_Exercise directions_: Repeat the data that follows, word for word, without the images.

_Data section_:
BEGIN

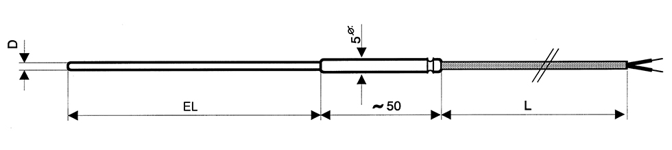 Dauertemperaturen und Drücken in Luft, Gasen und Flüssigkeiten geeignet. Die Messung erfolgt über Thermoelementdrähte (NiCr-Ni).
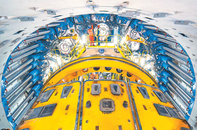 “江海號”盾構(gòu)機內(nèi)景。范少文攝(人民視覺)
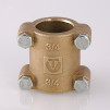 Хомут ремонтный предназначен для устранения локальных протечек в трубопроводах из стальных, полиэтиленовых, полипропиленовых, металлопластиковых труб.Изделие включает в себя две латунные полуобоймы, стягиваемые между собой стальными оцинкованными винтами, а также прокладку из EPDM. При монтаже хомута происходит силовое обжатие и герметизация поврежденного участка трубопровода. Ремонтные хомуты VTr.754 выпускаются под стандарт стальных водогазопроводных труб по ГОСТу 3262 для диаметров условного прохода 1/2'', 3/4'', и 1'' (15, 20, 25 мм), могут применяться при давлении рабочей среды в трубопроводе до 16 бар и температуре до 110 градусов.
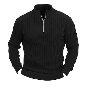 Муж. Вязаная одежда Пуловер Рельефный узор Вязать Обычный Классический Полотняное плетение Четверть молния Сохраняет тепло Современный современный На каждый день На выход Одежда Осень Зима

END

_The answer_:
 Dauertemperaturen und Drücken in Luft, Gasen und Flüssigkeiten geeignet. Die Messung erfolgt über Thermoelementdrähte (NiCr-Ni).
 “江海號”盾構(gòu)機內(nèi)景。范少文攝(人民視覺)
 Хомут ремонтный предназначен для устранения локальных протечек в трубопроводах из стальных, полиэтиленовых, полипропиленовых, металлопластиковых труб.Изделие включает в себя две латунные полуобоймы, стягиваемые между собой стальными оцинкованными винтами, а также прокладку из EPDM. При монтаже хомута происходит силовое обжатие и герметизация поврежденного участка трубопровода. Ремонтные хомуты VTr.754 выпускаются под стандарт стальных водогазопроводных труб по ГОСТу 3262 для диаметров условного прохода 1/2'', 3/4'', и 1'' (15, 20, 25 мм), могут применяться при давлении рабочей среды в трубопроводе до 16 бар и температуре до 110 градусов.
 Муж. Вязаная одежда Пуловер Рельефный узор Вязать Обычный Классический Полотняное плетение Четверть молния Сохраняет тепло Современный современный На каждый день На выход Одежда Осень Зима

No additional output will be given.